◆ What you will do:
Would you retype, word for word, the line with "[셀럽하우스]스트라이프 WHNQ5893 노카라 트위드 자켓 진주 단추 데이트룩" and each line after it to the end of the entries below, leaving the pictures out?

[Dataset records]
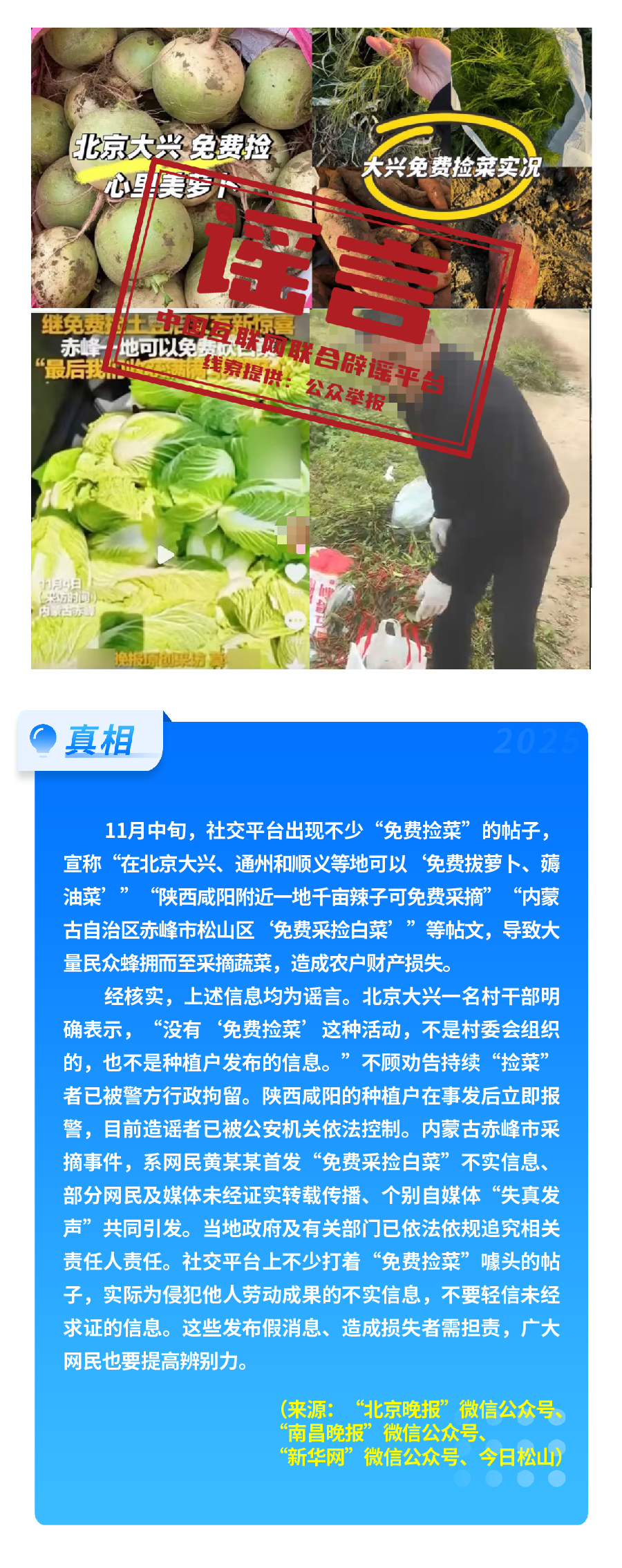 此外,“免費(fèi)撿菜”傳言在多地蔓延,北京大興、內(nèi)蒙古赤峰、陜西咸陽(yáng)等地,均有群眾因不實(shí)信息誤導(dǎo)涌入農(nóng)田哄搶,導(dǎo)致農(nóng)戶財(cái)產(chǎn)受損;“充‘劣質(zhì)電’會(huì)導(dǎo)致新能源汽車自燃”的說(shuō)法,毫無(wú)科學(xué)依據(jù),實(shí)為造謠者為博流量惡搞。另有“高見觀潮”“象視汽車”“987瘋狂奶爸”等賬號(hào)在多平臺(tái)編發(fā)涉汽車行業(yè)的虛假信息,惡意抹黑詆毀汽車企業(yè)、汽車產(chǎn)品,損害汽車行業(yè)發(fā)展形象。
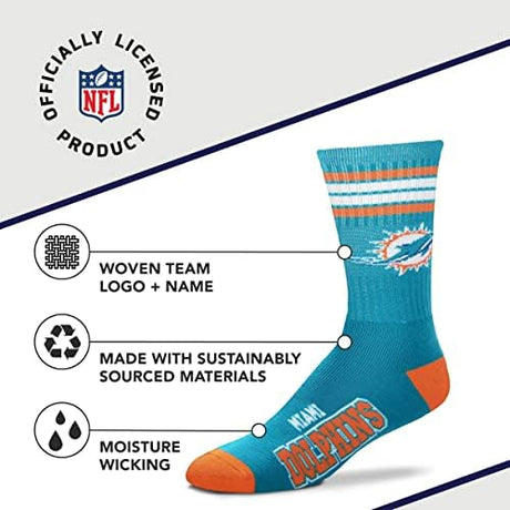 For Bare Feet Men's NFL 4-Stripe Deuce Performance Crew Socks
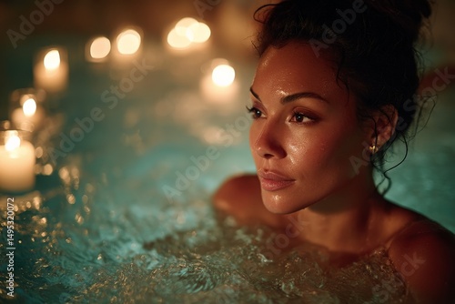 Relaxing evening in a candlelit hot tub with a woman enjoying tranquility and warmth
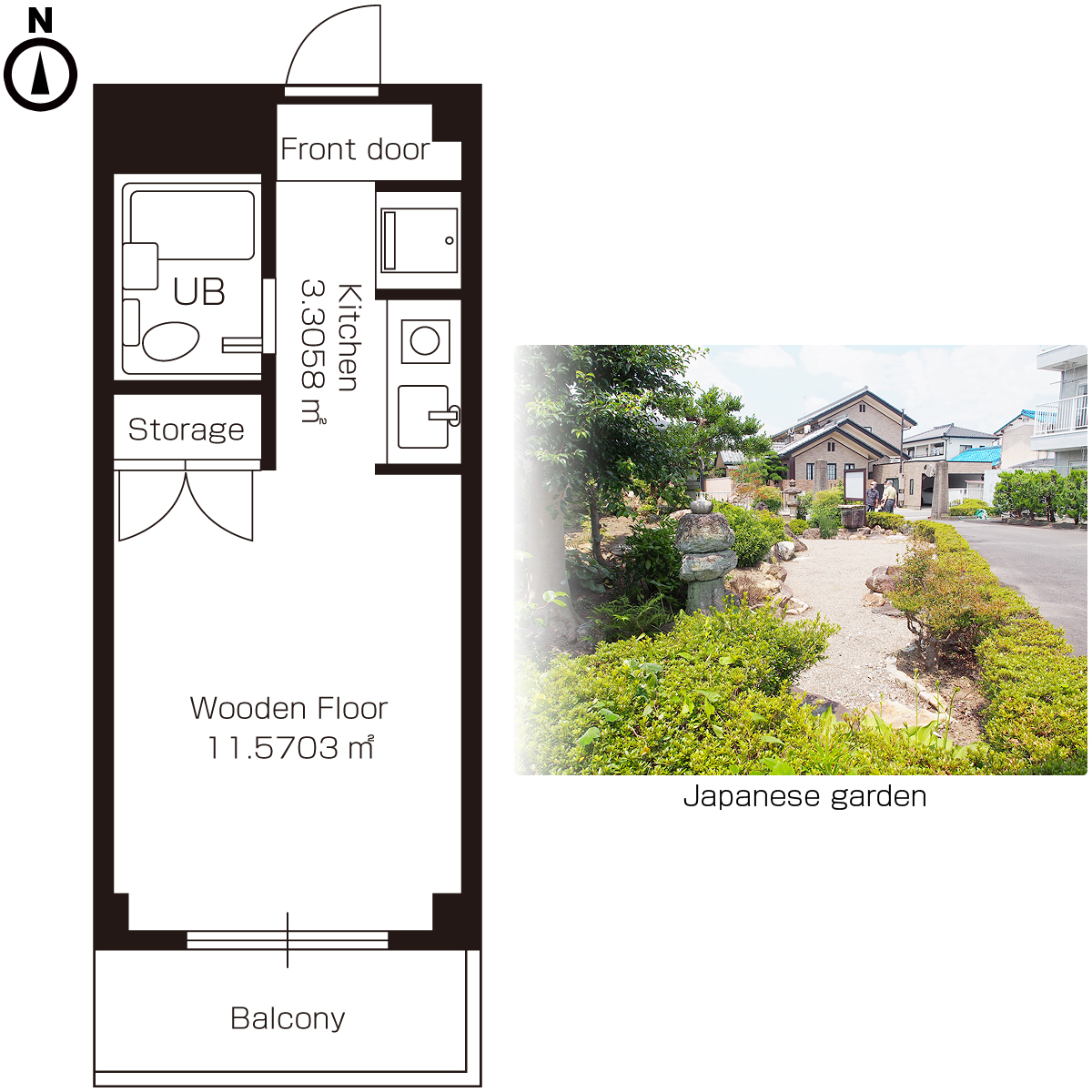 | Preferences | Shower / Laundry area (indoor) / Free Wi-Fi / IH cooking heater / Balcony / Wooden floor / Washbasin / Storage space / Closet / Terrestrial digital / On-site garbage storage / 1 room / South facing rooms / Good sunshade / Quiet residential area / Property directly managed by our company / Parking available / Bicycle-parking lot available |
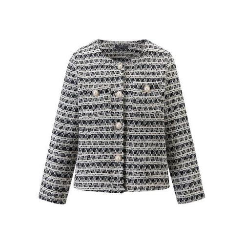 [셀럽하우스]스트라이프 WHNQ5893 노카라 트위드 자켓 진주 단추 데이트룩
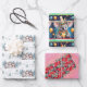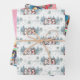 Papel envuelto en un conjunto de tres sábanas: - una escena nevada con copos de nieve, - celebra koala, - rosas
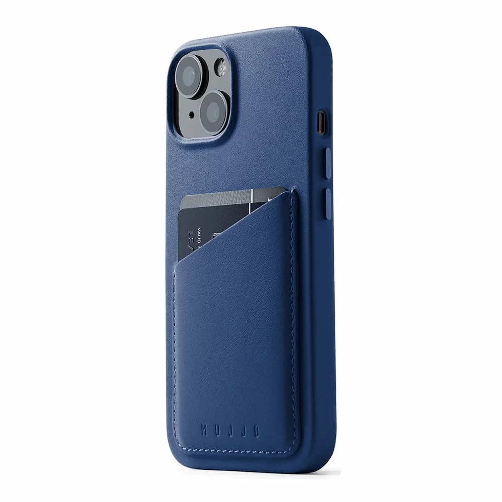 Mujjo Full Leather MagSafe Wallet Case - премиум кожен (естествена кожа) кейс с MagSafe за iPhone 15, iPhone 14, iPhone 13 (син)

◆ Result for this task:
 [셀럽하우스]스트라이프 WHNQ5893 노카라 트위드 자켓 진주 단추 데이트룩
 Papel envuelto en un conjunto de tres sábanas: - una escena nevada con copos de nieve, - celebra koala, - rosas
 Mujjo Full Leather MagSafe Wallet Case - премиум кожен (естествена кожа) кейс с MagSafe за iPhone 15, iPhone 14, iPhone 13 (син)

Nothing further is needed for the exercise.